I can also see the other side of my own position in this thread - Youtube and other platforms could certainly use their outsized cultural influence and right to moderate content to suppress legitimate information or political activism. I just work from the apparently controversial premise that falsehoods do exist and that it does society no good to allow them to spread, even in the name of "free speech," and disagree with the premise that just because there is no universally acceptable, mathematically provable, perfectly objective answer to "who decides who the liars, cranks and con artists are" which doesn't carry a risk of abuse or hypocrisy, doesn't mean the only acceptable answer is that "liars, cranks and con artists don't exist, and no one gets to decide otherwise."

1 comments

Fair enough, I respect your decision not to engage.

I also appreciate that you empathized with my POV.

To clarify, the point I was making wasn't "liars, cranks and con artists don't exist, and no one gets to decide otherwise."

It was "liars, cranks and con artists do exist, and we need to empower people to decide which is which by letting them practise."

Thank you for this conversation, I for one learned a lot.

> It was "liars, cranks and con artists do exist, and we need to empower people to decide which is which by letting them practise."

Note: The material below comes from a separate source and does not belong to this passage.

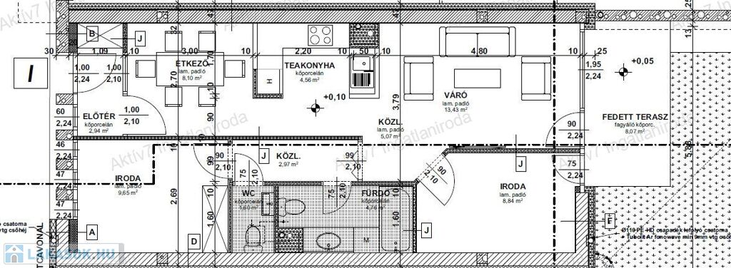 A szóban forgó földszinti lakás az alaprajzon irodaként szerepel, a helyiségek is ennek megfelelően vannak elnevezve. 62 m2 területű, ha lakásként funkcionál akkor amerikai konyha nappali +2 hálószobás , fürdőszoba- WC-vel , WC külön helyiségben is , 8 m2 fedett terasz és 25 m2 kert rész tartozik hozzá. (a fotók között található alaprajz szerint). Ennek a lakásnak a megvásárlásához a 3%-os otthon start hitel és a CSOK + hitel nem vehető igénybe.

This is such a silly argument. If I tell you two pieces of information: "Vaccines cause autism" and "Vaccines do not cause autism", how do you practice believing? By putting children at risk of preventable diseases?

Same goes for hydroxychloroquine or turmeric for covid-19. We have (at this point) decent scientific evidence for these not helping prevent the disease, and yet people will take them and either hurt themselves (chloroquine) or be willing to engage in more risky behavior otherwise.

The easiest way I have of putting this is that there is no difference between having no information, and having all possible information. If I present you with all possible strings of length < 100 containing "covid-19", you'll have lots of reasonable sounding statements about preventing the spread of covid-19. But without authoritative and reliable sources for why some of those strings are valuable to obey and others aren't, you're in no better place than if you had no information at all.